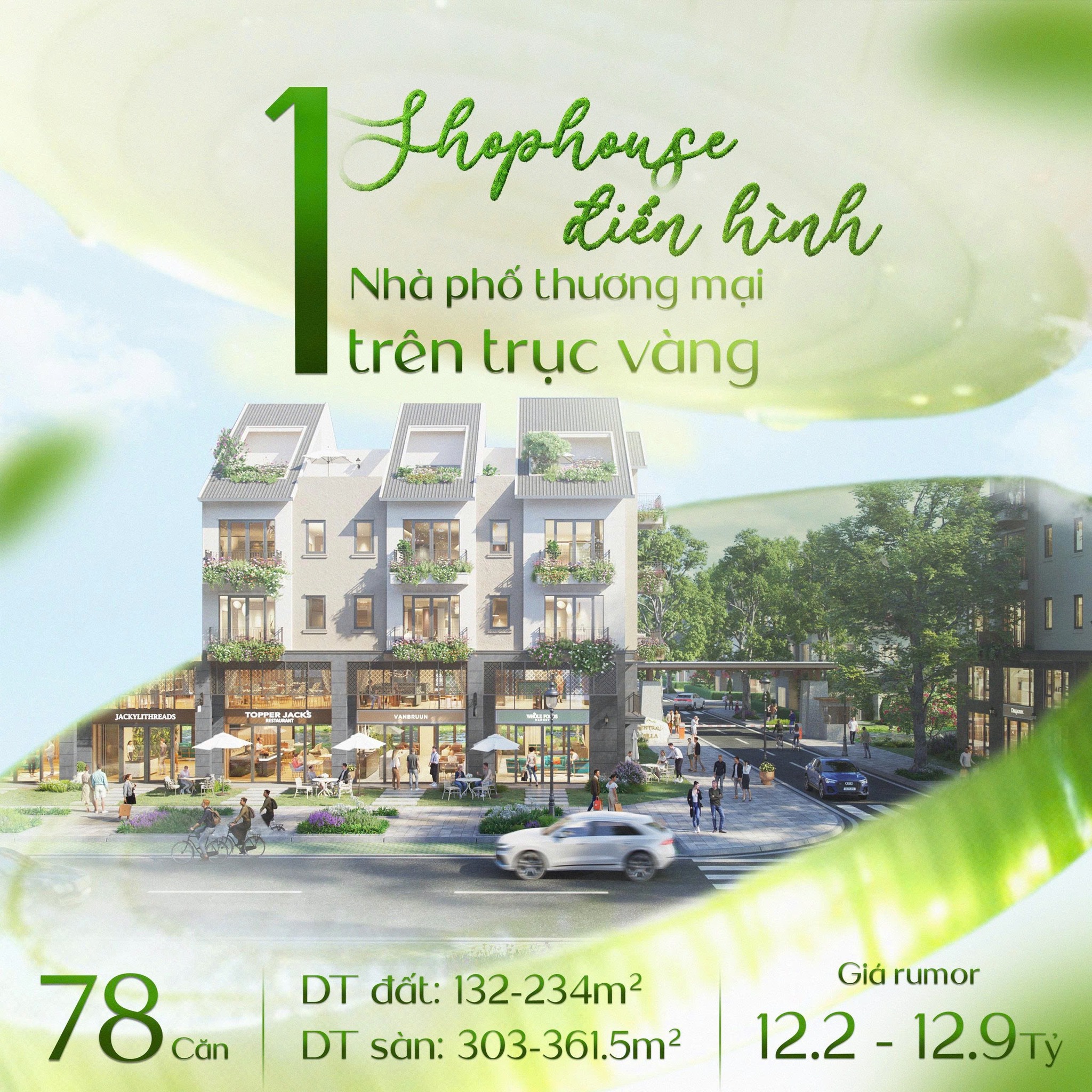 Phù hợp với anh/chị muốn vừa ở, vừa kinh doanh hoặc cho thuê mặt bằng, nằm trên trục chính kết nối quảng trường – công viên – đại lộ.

---

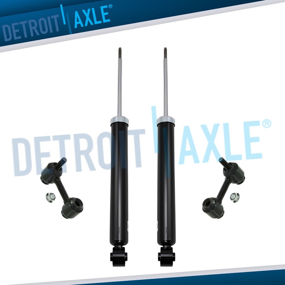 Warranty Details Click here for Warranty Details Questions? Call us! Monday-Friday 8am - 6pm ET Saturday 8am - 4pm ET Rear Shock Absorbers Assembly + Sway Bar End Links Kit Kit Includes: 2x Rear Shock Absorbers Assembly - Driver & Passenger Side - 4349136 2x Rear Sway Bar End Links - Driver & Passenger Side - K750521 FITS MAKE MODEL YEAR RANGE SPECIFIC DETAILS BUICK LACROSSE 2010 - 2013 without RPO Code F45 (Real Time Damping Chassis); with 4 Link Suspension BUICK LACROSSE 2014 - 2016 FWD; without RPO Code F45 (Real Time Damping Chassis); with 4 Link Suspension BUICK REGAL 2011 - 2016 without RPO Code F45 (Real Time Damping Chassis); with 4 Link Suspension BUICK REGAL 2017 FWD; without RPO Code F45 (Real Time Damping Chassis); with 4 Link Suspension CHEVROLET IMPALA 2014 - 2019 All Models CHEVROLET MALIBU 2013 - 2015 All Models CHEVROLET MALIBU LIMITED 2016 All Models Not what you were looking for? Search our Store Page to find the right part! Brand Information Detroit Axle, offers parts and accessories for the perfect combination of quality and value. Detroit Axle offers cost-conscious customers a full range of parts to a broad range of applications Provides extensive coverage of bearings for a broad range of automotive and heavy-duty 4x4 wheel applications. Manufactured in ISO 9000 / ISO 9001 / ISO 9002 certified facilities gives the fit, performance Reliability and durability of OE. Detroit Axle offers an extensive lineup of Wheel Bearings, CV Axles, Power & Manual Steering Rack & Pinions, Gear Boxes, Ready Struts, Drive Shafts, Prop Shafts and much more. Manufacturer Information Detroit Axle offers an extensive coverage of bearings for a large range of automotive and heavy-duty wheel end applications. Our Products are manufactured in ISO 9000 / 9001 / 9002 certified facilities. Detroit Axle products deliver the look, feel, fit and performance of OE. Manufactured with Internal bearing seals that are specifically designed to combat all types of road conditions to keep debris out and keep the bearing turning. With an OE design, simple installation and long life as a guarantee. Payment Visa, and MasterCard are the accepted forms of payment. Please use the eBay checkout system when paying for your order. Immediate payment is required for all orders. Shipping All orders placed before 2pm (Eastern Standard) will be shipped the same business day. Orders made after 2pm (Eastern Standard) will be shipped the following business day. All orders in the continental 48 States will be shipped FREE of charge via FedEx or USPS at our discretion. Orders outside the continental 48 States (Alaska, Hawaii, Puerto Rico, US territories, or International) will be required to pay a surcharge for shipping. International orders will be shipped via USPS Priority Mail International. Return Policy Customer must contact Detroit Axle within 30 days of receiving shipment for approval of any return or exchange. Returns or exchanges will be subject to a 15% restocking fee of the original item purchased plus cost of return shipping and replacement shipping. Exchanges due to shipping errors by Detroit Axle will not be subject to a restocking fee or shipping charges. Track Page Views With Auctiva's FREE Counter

* * *

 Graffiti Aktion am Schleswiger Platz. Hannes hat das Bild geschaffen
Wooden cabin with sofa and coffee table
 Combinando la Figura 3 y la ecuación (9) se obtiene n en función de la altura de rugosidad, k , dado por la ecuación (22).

**Work instruction**
Above are the records; copy exactly the lines from the line with "Graffiti Aktion am" through the line with "Combinando la Figura", both included.

**Response area**
 Graffiti Aktion am Schleswiger Platz. Hannes hat das Bild geschaffen
Wooden cabin with sofa and coffee table
 Combinando la Figura 3 y la ecuación (9) se obtiene n en función de la altura de rugosidad, k , dado por la ecuación (22).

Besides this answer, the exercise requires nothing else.